AlphaZero Plays Connect Four: Coding a Tree Search in Python

In a previous post, I explained how AlphaZero can play Connect Four. If you haven’t already, you can read the first part here.

In this part 2, I will share how to write the code for the Monte Carlo Tree Search to play Connect Four below.

First, we will import our libraries and define our class object and its variables.

Second, we will code a loop where the first step is to explore the tree to learn the best moves by simulating playing out the game, and the next step is to actually make a move. When it’s our turn again, we will explore the tree again and make another move.

This loop will continue until the winner for Connect Four is decided.

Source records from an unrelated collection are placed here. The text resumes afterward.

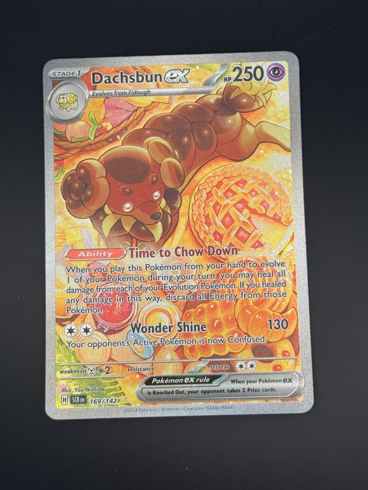 Hey there, Pokémon trainer! You’ve stumbled upon a gem. .. Dachsbun ex from Stellar Crown. Whether you’re battling or collecting, this card is a must-have. It’s the perfect addition to your deck or collection! Card is in Near Mint or Better condition. Extra photos are available upon request. We pack each card with love in a top loader, team bag, and a pull tab. We take pride in quick shipments and you have your choice of shipping via eBay standard envelope (for cards less than $20) or USPS Ground Advantage. We’re not just sellers. we’re fellow Pokémon enthusiasts. Got questions? Just ask!
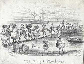| Keywords: The Pier! Llandudno.jpeg Abstract A view showing sartoon-like figures boarding a boat to take them to a paddle steamer The well dressed people are trying to keep their clothes out of the water Size mm 85 107 exhibition history Institution National Library of Wales Technique print engraving bw object history object type PD-old-70-1923 place of creation place of discovery 1130425 The Pier Llandudno Uploaded with GWToolset The Pier Llandudno http //dams llgc org uk/behaviour/llgc-id 1130425/fedora-bdef image/reference Images uploaded as part of NLW - WMUK collaboration Welsh Landscape Collection Llandudno Beaches People Steamboats |
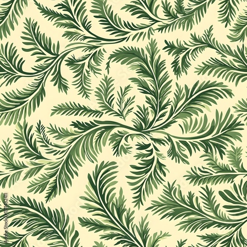 elegant green fern leaf pattern on cream background
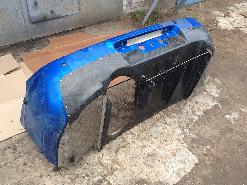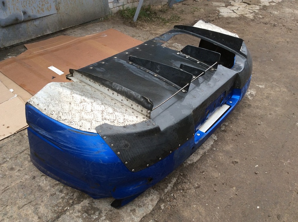 • Бампер задний с кастомной юбкой с дефектами карбон для Subaru Impreza 2 G11 GD 2005-2007 лиса 3-рестайлинг
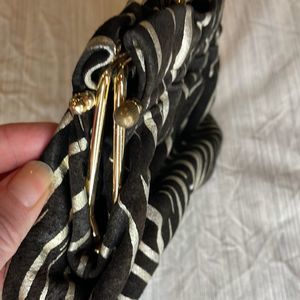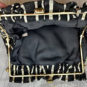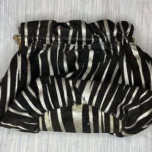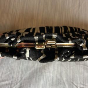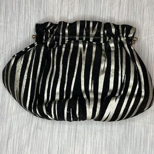 Vintage 80’s black and silver striped clutch with clam metal opening
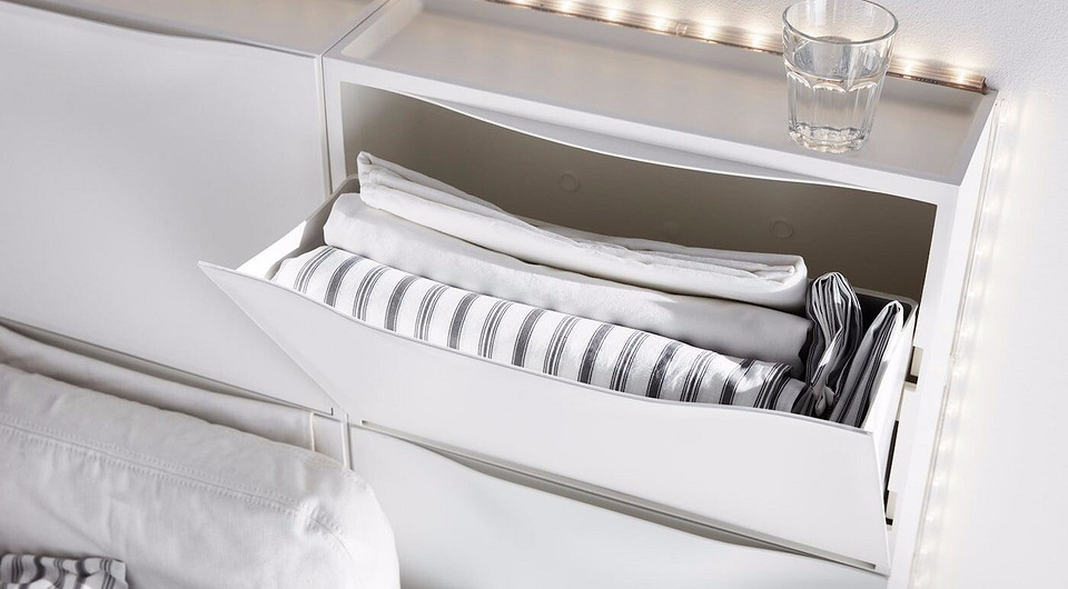 Внешне «Сконевик» похож на серию «Мальм», но внимательные отметят, что ящиков тут меньше, а верхний — меньше размером. Зато внешний вид практически идентичен, а белый цвет — еще и супер универсальное решение. Низкая цена обусловлена материалом — комод изготовлен из ДСП, ДВП и заламинирован.

I will write a final blog post to explain the deep learning part of the code – where we can take advantage of learnings from previous games to make better decisions in future games – at a later date.

Monte Carlo Tree Search

Let’s do a quick recap of tree diagrams.

🌲 Definition: A tree is a data structure that connects multiple nodes through a parent-child relationship where each node represents a different state of the board. A node will have one parent and N children, where N is the number of legal moves available.

The tree search helps the AI decide the utility of the moves available in a given state. The AI then picks the most optimal move to help it win.

🌍 Related Tutorials:

Step One: Importing Libraries

First, we import the following libraries: Tensorflow, NumPy, math, and random.

Tensorflow and NumPy will be used to create the variables that will later be passed to a Deep Neural Network. The modules math and random are used for some numerical operations. C is a global variable we’ll go over later.

import tensorflow as tf
import numpy as np
import math
import random

C = 1.0

Step Two: Defining the Node Object

Next, we define our Node class. These are the nodes on our tree graph that are connected via parent-child relationships.

We set a game object (Connect Four) as a parameter and we can take another Node object to be the mother.

We will set the following attributes:

  • self.game – This holds the game object that represents the current game state that the node is supposed to represent
  • self.mother This points to the mother of the current node if one exists
  • self.children – We’ll keep track of all the children nodes in this dictionary 
  • self.U – The utility of the state. This is calculated by the tree search
  • self.prob – The probability distribution among all the available actions from the current state used to decide the next action
  • self.V – The value of the state (how likely you are to win). This is calculated by the neural network model
  • self.N – The visit count. It keeps track of how many times we’ve been in the same state
  • self.outcome – This keeps track of whether or not the game ended

Refer to the definitions above as you read through the code to remember what the attributes do.

class Node:
    def __init__(self, game, mother=None):
        super(Node, self).__init__()
        self.game = game
        self.mother = mother
        self.children = {}
        self.U = 0
        self.prob = None
        self.V = 0
        self.N = 0
        self.outcome = self.game.score

        if self.game.score is not None:
            self.V = self.game.score * self.game.player
            self.U = 0 if self.game.score is 0 else self.V * float('inf')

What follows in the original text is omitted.